From my own six minutes on stage (OK, OK, Pam Horan! It was six-and-a-half minutes!), two stats garnered the most interest. At least if the twitterers in the room were representative. 1) Ten percent of the photos taken by humankind were taken in the past 12 months (source), and 2) Google estimates there are somewhere north of 3 trillion images online. Outside discussions of the federal debt, I guess, you just don’t get to use the word trillion that often.

Jason Cavnar, CEO of Singly, introduced a provocative thought: In the future identity will become a paid service. My interpretation: The premium online publishers in the room should put less energy into paywalls and more effort into understanding the real monetary value of audience-data-as-currency. (And the rest of us should spend some time considering how much personal data we currently hand over to websites and ad networks, free of charge.) He also sees a near-future for advertising that’s greatly impacted by HTML5: Forget the crap we mostly put inside 300×250 banners, “turn them into storefronts for brands and newsstands for publishers.”

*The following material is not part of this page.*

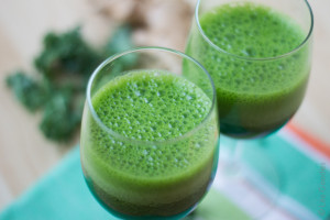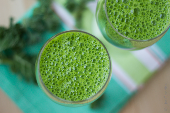 This Green Juice Recipe is great for detoxing when you are feeling bloating or after weekends and holidays, when people usually overeat. Kale’s main benefit is its high concentration of fiber, antioxidant vitamins (A, C, K) and sulphur. Ginger is digestion-friendly and it boosts metabolism, which is great for weight loss. Both together are perfect and will make you fell better quickly ;). To bring sweetness to this drink, I like to use Lemon flavored Zero VitaminWater: it is calories-free, do not contain artificial sweetener and its color comes from natural fruits and vegetables, but not enough to bring calories, only the color itself. I love VitaminWater, specially the Zero version, because is not loaded with sugar. Note: You should have this product in addition to your water consumption (because nothing replaces water), but its a good option when you are craving soda … I am ashamed to tell you, but I do crave soda!

Moat’s Jonah Goodheart offered a breath of fresh air amid the smog of hyperactive audience targeting by the DSPs: Context matters more than clicks. He cited an example of a wealth management firm canceling an ad campaign with a premium business publication because the click-through rate was low. I’m trying to imagine 1) having enough money that I need a wealth manager, and then 2) clicking on a banner, entering my newfound $8 million dollars into a web form, and hitting Submit. (Here’s who clicks on ad banners.)

My two favorite quotes of the day came from Liberty Media’s Michael Zeisser. First, a summation of his years as a consultant: “I spent 13 years at McKinsey hunting for synergies, and I never found any.” And a word about punditry: “It’s easy to predict the future, unless you have to live the with the consequences.” True enough.